The Perfect Swimmer

How do you create the perfect swimmer?
What is the perfect environment?

Every coach thinks they know. I’ve heard it a hundred times—standing at the edge of a pool, stopwatch in hand, watching a young prodigy slice through the water like it’s silk. Someone, another coach most likely, always says, “If I had that swimmer, I could make them swim like that too.”

And every time, I mutter under my breath: rubbish.

You can’t recreate the chemistry between a swimmer and a coach. You can’t duplicate every morning’s fatigue, every breakthrough, every mistake. You certainly can’t replicate the place.

Talent might be born, but greatness—true, hard, stubborn greatness—is grown in the space between two people who learn how to see each other clearly. And maybe, it might be the geographical place too.

Randy Bennett, for instance. He coached out of Victoria, British Columbia, and turned a 1500-meter distance swimmer named Ryan Cochrane into an Olympic medalist. I still remember Ryan as a pesky ten-year-old, always getting underfoot, he probably would have been tossed out of my own practices. Randy actually did throw him out once—he recalled the story at a coaching conference, but called him back, gave him an impossible set, something no kid should have been able to finish. Ryan did it anyway.

Randy saw something that day—something I probably would’ve missed. That’s the magic of coaching. The alchemy of timing, temperament, and sheer accident.

Even legends like Mark Spitz weren’t the kind of swimmer you’d want to coach. No work ethic. Cocky. Slacking through practices, alienating teammates. But Dr. James E. Counsilman, his college coach, saw through all that. He made the team accept him, quirks and all. That uncomfortable union birthed seven gold medals. Another impossible equation that worked with an oddball kid.

So no—the perfect swimmer doesn’t exist. Nor does the perfect coach. And don’t get me started on the facilities. People love to say, “If I had that pool, that program, those resources…” Rubbish again. Champions have been born in irrigation ditches. Some of the finest pools in the world have never seen a single fast swim.
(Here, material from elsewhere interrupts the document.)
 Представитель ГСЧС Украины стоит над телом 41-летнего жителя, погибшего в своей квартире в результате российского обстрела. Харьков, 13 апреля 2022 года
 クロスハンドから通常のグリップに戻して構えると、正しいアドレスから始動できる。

However…something happens in these strange situations, odd people, odd places, creating amazing results.

Once—there was something close to perfect. It was a tiny place: Ocean Falls, British Columbia and an unknown coach called George Gates.
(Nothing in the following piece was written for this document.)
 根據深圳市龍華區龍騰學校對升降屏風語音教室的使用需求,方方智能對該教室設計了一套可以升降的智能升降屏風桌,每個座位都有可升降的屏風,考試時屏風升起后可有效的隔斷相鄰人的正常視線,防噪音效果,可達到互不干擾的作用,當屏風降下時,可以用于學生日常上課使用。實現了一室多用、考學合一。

A town of 3,200 people tucked between the sea and the mountains, a west coast of British Columbia fiord with no roads leading in or out. You could only reach it by boat or floatplane.

The town was created and built for one purpose: to turn logs into paper. The one-company town was owned—the homes, the schools, the stores, the bowling alley, even the theater. A kind of planned paradise in the rain-soaked wilderness.

The geography was unique at that spot. Above the town was a large freshwater lake that spilled into the ocean in a waterfall. Using the natural contours of the escarpment, the paper mill created a hydroelectric dam for powering the mill. And millions of trees.

In that isolation, something strange happened. A boating accident prompted the company to build a pool and hire a coach. In short order, Coach George Gates of the tiny town of Ocean Falls, produced more international swimming medals than the rest of Canada combined.

Fifty-seven international medals. From a 20-yard pool.

Maybe it was the rain that kept everyone indoors. Maybe it was the sense of belonging, of every kid in town being funnelled through the same pool, coached by the same hands. Maybe it was the rhythm of mill life—work, eat, swim, sleep. Or maybe the town itself, built on routine and industry, was the perfect petri dish for discipline.

Whatever the chemistry that was there, a case can not be made that another coach could say; I could have done that. Who would in their right mind take that job?

Imagine it: no roads, no cars, but also no excuses. Everyone walked, everyone worked, everyone swam. A self-contained utopia of sweat and chlorine. Like an Orwellian experiment—but one that went right instead of wrong.

Today, Ocean Falls is nearly a ghost town. The mill is gone, the pool abandoned, the boats no longer stop there. But once upon a time, it was the best swimming town in the world, per capita. From that tiny place came not just Olympic swimmers, but the future President of the World Anti-Doping Agency and one step away from IOC President.

So maybe the perfect swimmer can be made but it won’t be a formula you’d expect.

Perhaps, once, the perfect world for swimming existed, and it was hidden in a tiny fiord, in the rain and cedar shadows of Ocean Falls, far up the coast of British Columbia, half way between the northern tip of Vancouver Island and the southern tip of Haida Gwaii islands. A young man called George Gates found it and created a swimmer’s haven.